On Tue, Oct 05, 2021 at 12:45:28PM -0400, Sean Anderson wrote:
On 10/5/21 6:33 AM, Russell King (Oracle) wrote:
> On Mon, Oct 04, 2021 at 03:15:27PM -0400, Sean Anderson wrote:
> > Some modules have something at SFP_PHY_ADDR which isn't a PHY. If we try to
> > probe it, we might attach genphy anyway if addresses 2 and 3 return
> > something other than all 1s. To avoid this, add a quirk for these modules
> > so that we do not probe their PHY.
> >
> > The particular module in this case is a Finisar SFP-GB-GE-T. This module is
> > also worked around in xgbe_phy_finisar_phy_quirks() by setting the support
> > manually. However, I do not believe that it has a PHY in the first place:
> >
> > $ i2cdump -y -r 0-31 $BUS 0x56 w
> > 0,8 1,9 2,a 3,b 4,c 5,d 6,e 7,f
> > 00: ff01 ff01 ff01 c20c 010c 01c0 0f00 0120
> > 08: fc48 000e ff78 0000 0000 0000 0000 00f0
> > 10: 7800 00bc 0000 401c 680c 0300 0000 0000
> > 18: ff41 0000 0a00 8890 0000 0000 0000 0000
>
> Actually, I think that is a PHY. It's byteswapped (which is normal using
> i2cdump in this way).The real contents of the registers are:
>
> 00: 01ff 01ff 01ff 0cc2 0c01 c001 000f 2001
> 08: 48fc 0e00 78ff 0000 0000 0000 0000 f000
> 10: 0078 bc00 0000 1c40 0c68 0003 0000 0000
> 18: 41ff 0000 000a 9088 0000 0000 0000 0000
Ah, thanks for catching this.
> It's advertising pause + asym pause, 1000BASE-T FD, link partner is also
> advertising 1000BASE-T FD but no pause abilities.
>
> When comparing this with a Marvell 88e1111:
>
> 00: 1140 7949 0141 0cc2 05e1 0000 0004 2001
> 08: 0000 0e00 4000 0000 0000 0000 0000 f000
> 10: 0078 8100 0000 0040 0568 0000 0000 0000
> 18: 4100 0000 0002 8084 0000 0000 0000 0000
>
> It looks remarkably similar.
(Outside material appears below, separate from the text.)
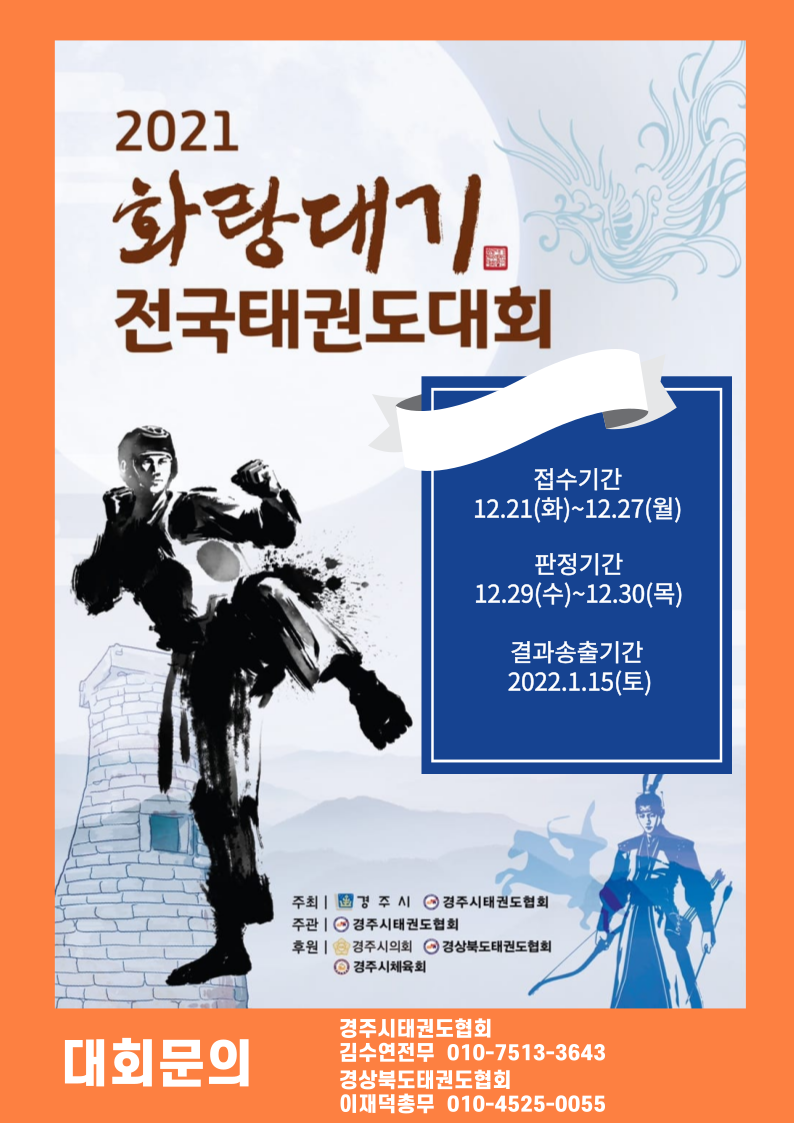 전국 태권도 가족 여러분 !! 안녕하십니까? 경주시태권도협회장 조희락 입니다. 경주에서 2021화랑대기 전국태권도대회를 개최하게 되어 인사드립니다. 1회 대회임에도 불구하고 명실상부한 대회를 만들기 위해 트로피며 메달에도 아주 많은 공을 들였으며, 나아가서 공신력 있는 대회의 시금석이 될 수 있도록 꼼꼼히 준비를 하고 있습니다. 2021화랑대기 전국태권도대회는 경주시와 경주시태권도협회가 공동 주최하고 경북태권도협회.경주시의회.경주시체육회의 후원으로 대회에 참여하시는 지도자와 선수 및 보호자들의 안전에도 만전을 기하겠습니다. 태권도의 성지라 자부하며 새로운 시설확충과 쾌적한 환경으로 조성된 경주동계캠프 운영과 전국대회.국제대회 세계대회를 꾸준히 치루었던 경주시와 경주시태권도협회가 축적된 경험을 바탕으로 이번에도 멋진 대회가 될 수 있도록 최선을 다하겠습니다. 전국에 계신 태권도가족 여러분! 코로나의 역경을 이겨내고 각자의 자리에서 우리 태권도가 체육과 문화의 일번이라는 자긍심으로 힘찬 비상을 함께 하길 열망합니다. 경주 2021화랑대기 전국태권도대회에 많은 태권도가족의 참여를 바라며 인사글 드립니다. |

However, The first few reads seem to be
> corrupted with 0x01ff. It may be that the module is slow to allow the
> PHY to start responding - we've had similar with Champion One SFPs.
Do you have an an example of how to work around this? Even reading one
register at a time I still get the bogus 0x01ff. Reading bytewise, a
reasonable-looking upper byte is returned every other read, but the
lower byte is 0xff every time.
I think the Champion One modules just don't respond to the I2C
transactions, so we keep retrying for a while. We try every
50ms for 12 retries, which seems to be long enough for their
modules.
> It looks like it's a Marvell 88e1111. The register at 0x11 is the
> Marvell status register, and 0xbc00 indicates 1000Mbit, FD, AN
> resolved, link up which agrees with what's in the various other
> registers.
That matches some supplemental info on the manufacturer's website
(which was frustratingly not associated with the model number of
this particular module).
The interesting thing is, many modules use 88e1111, which is about
the only PHY that I'm aware that supports I2C access mode natively.
So, it's really surprising that you're getting corrupted data,
unless...
There's been a history of using too strong pull-ups on the SFP I2C
lines. The SFP MSA gives a minimum value of the resistors (4.7k).
SFP+ lowers the minimum value and raises the maximum clock frequency.
Some SFP modules are unable to drive the I2C bus low against the
lower resistances resulting in corrupted data (or worse, it can
corrupt the EEPROMs.)
Other problems on some platforms have been with I2C level shifters
locking up, but that doesn't look like what's happening here - they
lockup at logic low not logic high. Even so-called "impossible to
lockup" level shifters have locked up despite their manufacturer
stating that it is impossible.
Is it always the same addresses?
What if you read from a different offset?
What if you re-read after it seems to have cleared?